When Russia invaded Ukraine in 2022, European countries panicked. They needed weapons fast. Germany had to retool. France was slow. Then Poland made a move nobody saw coming. They signed a $13.7 billion contract with South Korea. K2 tanks. K9 howitzers. FA-50 fighter jets. Delivery starting within months, not years.
In 2023, South Korea exported $14 billion in arms — the highest in the country's history. Hanwha Aerospace's K9 self-propelled howitzer is now in service or contracted with nine countries: Poland, Turkey, India, Finland, Norway, Estonia, Australia, Egypt, Romania.
Australia chose Hanwha over Rheinmetall for its $4.5 billion armored vehicle program.
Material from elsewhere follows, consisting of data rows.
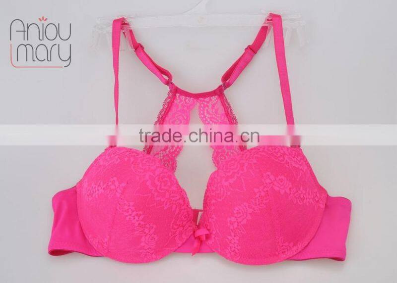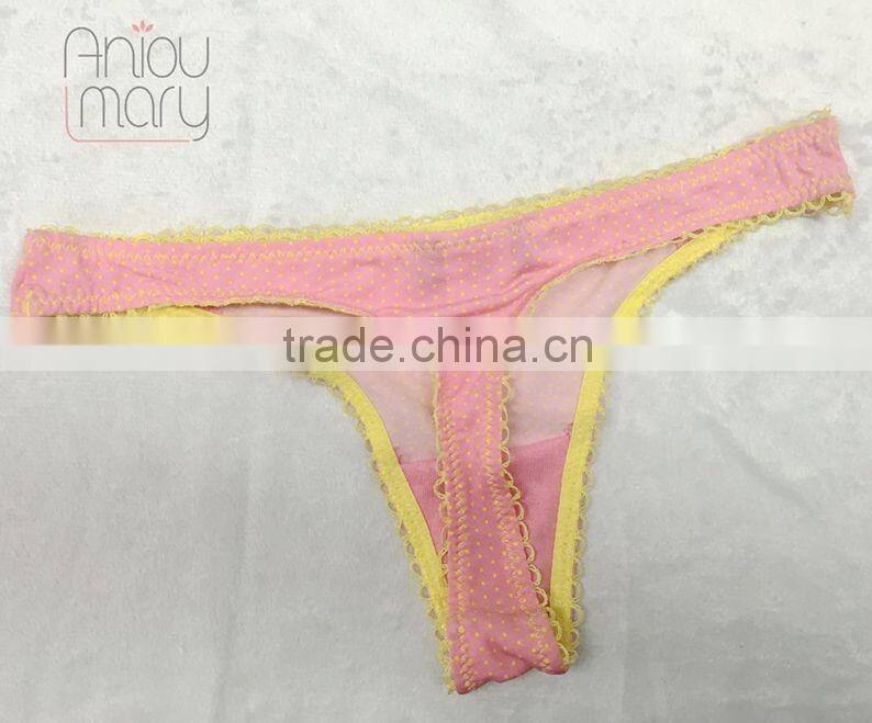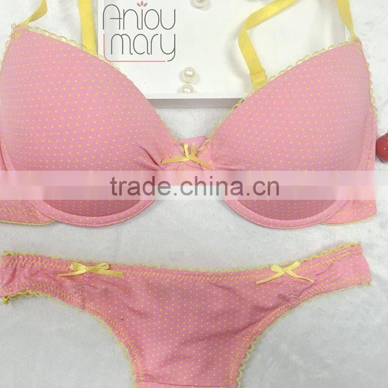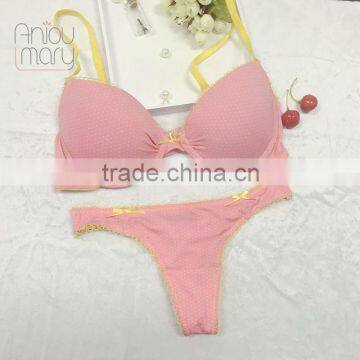 Lovely young ladies pink colour with prined breathable bra and panty set thong set
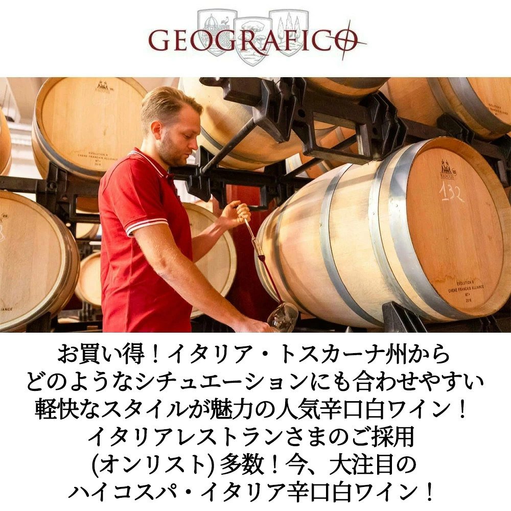 お買い得!イタリア・トスカーナ州からどのようなシチュエーションにも合わせやすい軽快なスタイルが魅力の人気辛口白ワイン!イタリアレストランさまのご採用 (オンリスト) 多数!今、大注目のハイコスパ・イタリア辛口白ワイン!造り手はトスカーナで約60年の歴史を持つ、注目の生産者組合のジェオグラフィコ!
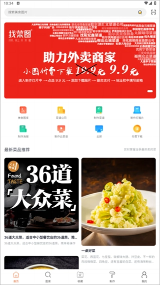 找菜图具备制作灯箱片、海报、云菜谱以及云屏等功能。借助它,你不仅能够自主设计店铺海报,还能上传个人作品。该软件功能实用,是一款极为好用的菜品图片资源软件。
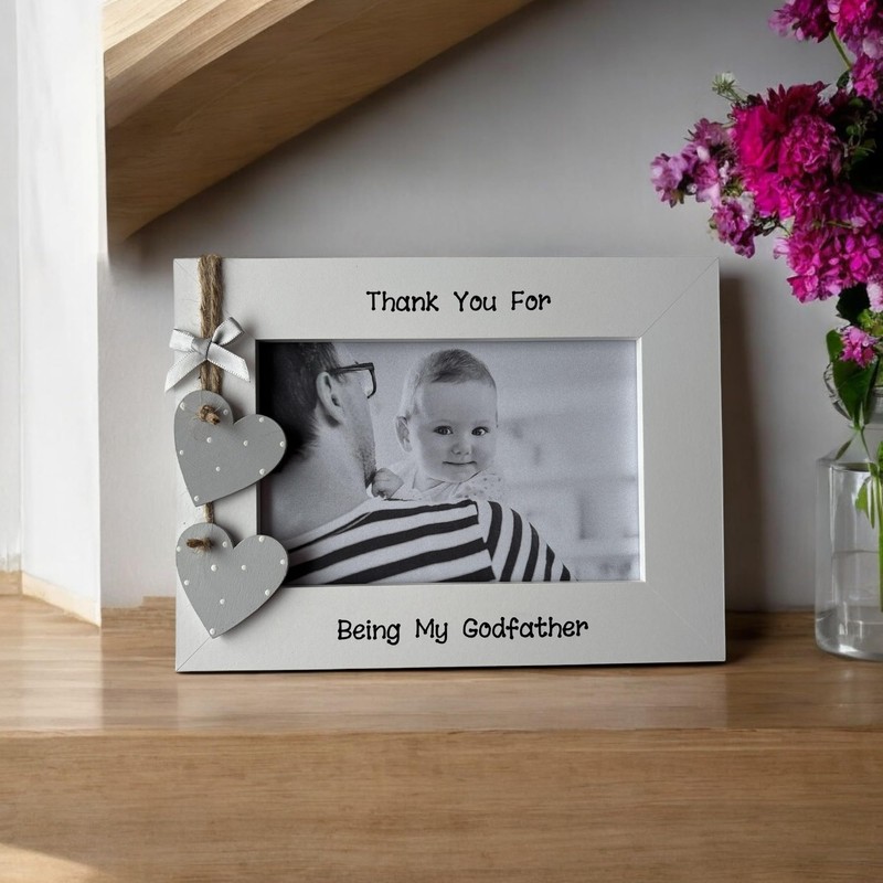 Handcrafted Thank You For Being My Godfather Gift Photo Frame 6x4 Landscape White Grey Wooden Hearts
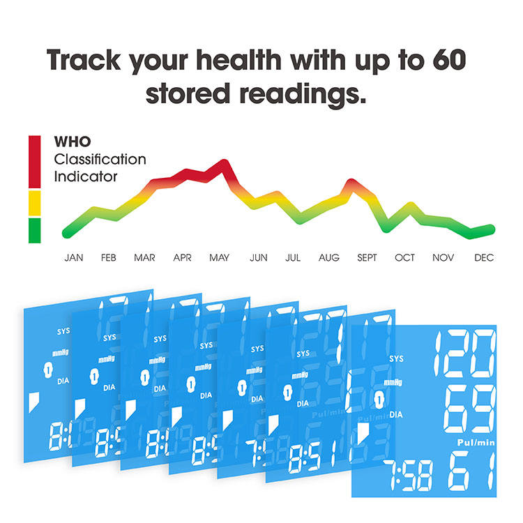 TRANSTEK retroilluminazione della frequenza cardiaca Monitor della pressione sanguigna da polso
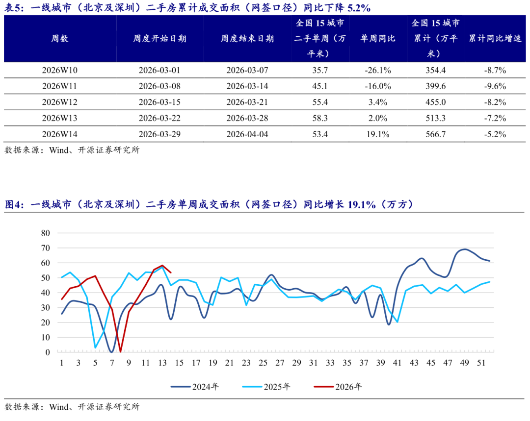 根据房管局数据,2026年第14周,一线城市(北京及深圳)二手房单周成交面积(网签口径)53.4万平米,单周同比增长19.1%;一线城市(北京及深圳)二手房累计成交面积(网签口径)566.7万平米,累计同比下降5.2%。
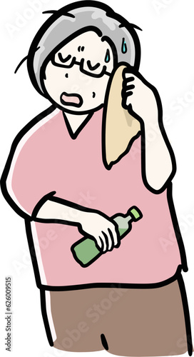 Obraz premium 夏の体調管理 汗をかいて水分補給をしたいシニア女性イラスト
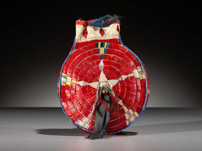 Sioux Quilled Hide Canteen-Shaped Pouch
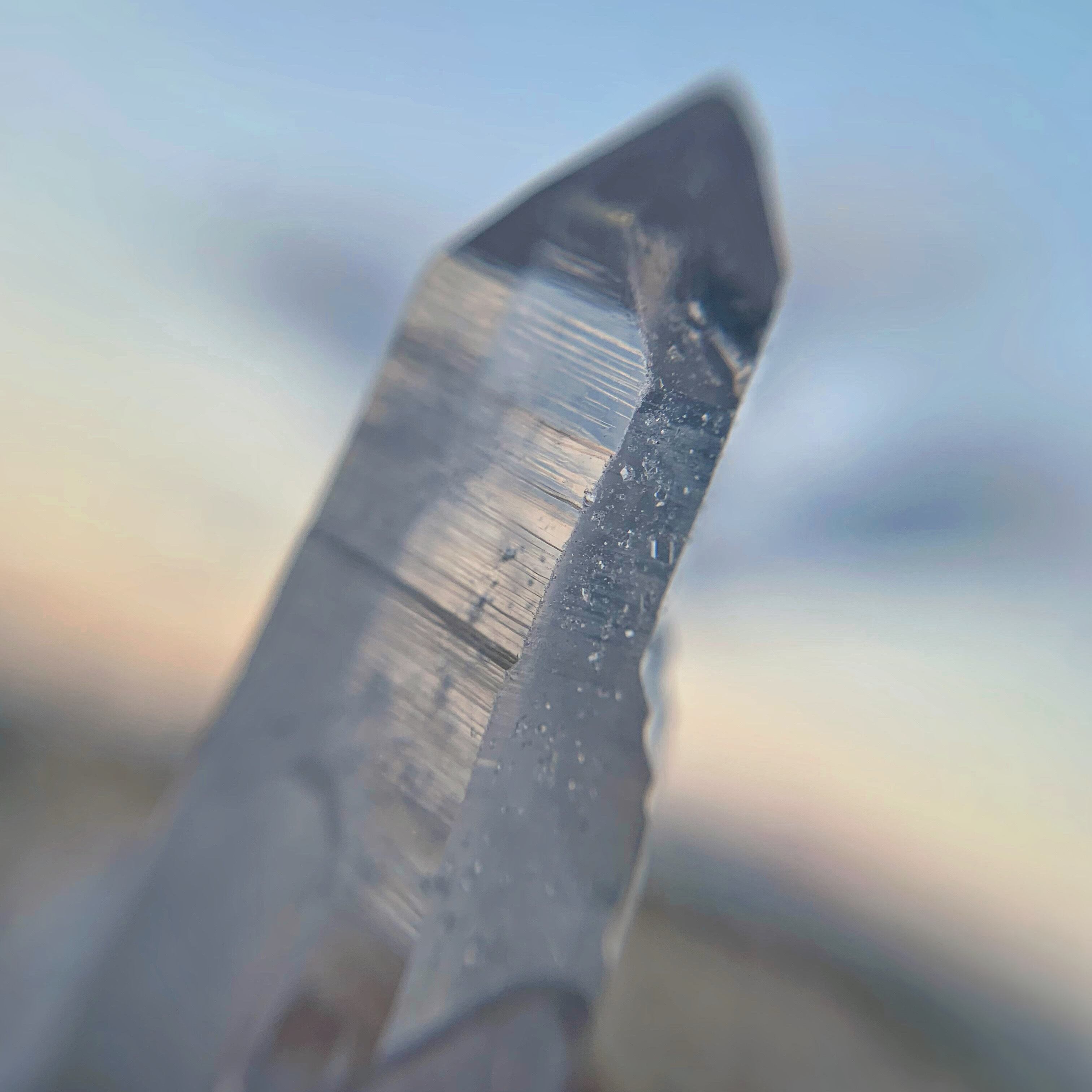 希少価値の高い照り艶良く、氷のような美しさを纏い、水晶の先端部に小さい三角形▲の凹凸、横にも刻まれたものバーコード(レコードキーパー)が見える。神聖な輝きを放ちます。

Saudi Arabia bought K9s. Hyundai Rotem is exporting K2 tanks. KAI's FA-50 is becoming the default light combat jet for nations that can't afford F-35s.
Korea's edge isn't just price. It's industrial speed. European defense companies take 5 to 7 years to deliver. Korean firms ship in 18 months. The Polish K2 deal proved Korean industry can deliver at scale during an active war.
The Korean government's target is to become the world's 4th largest arms exporter by 2027 — overtaking Russia. They're already 87% of the way there.
The country that built the world's fastest manufacturing economy is now building the world's fastest defense industry. Same playbook. Different industry.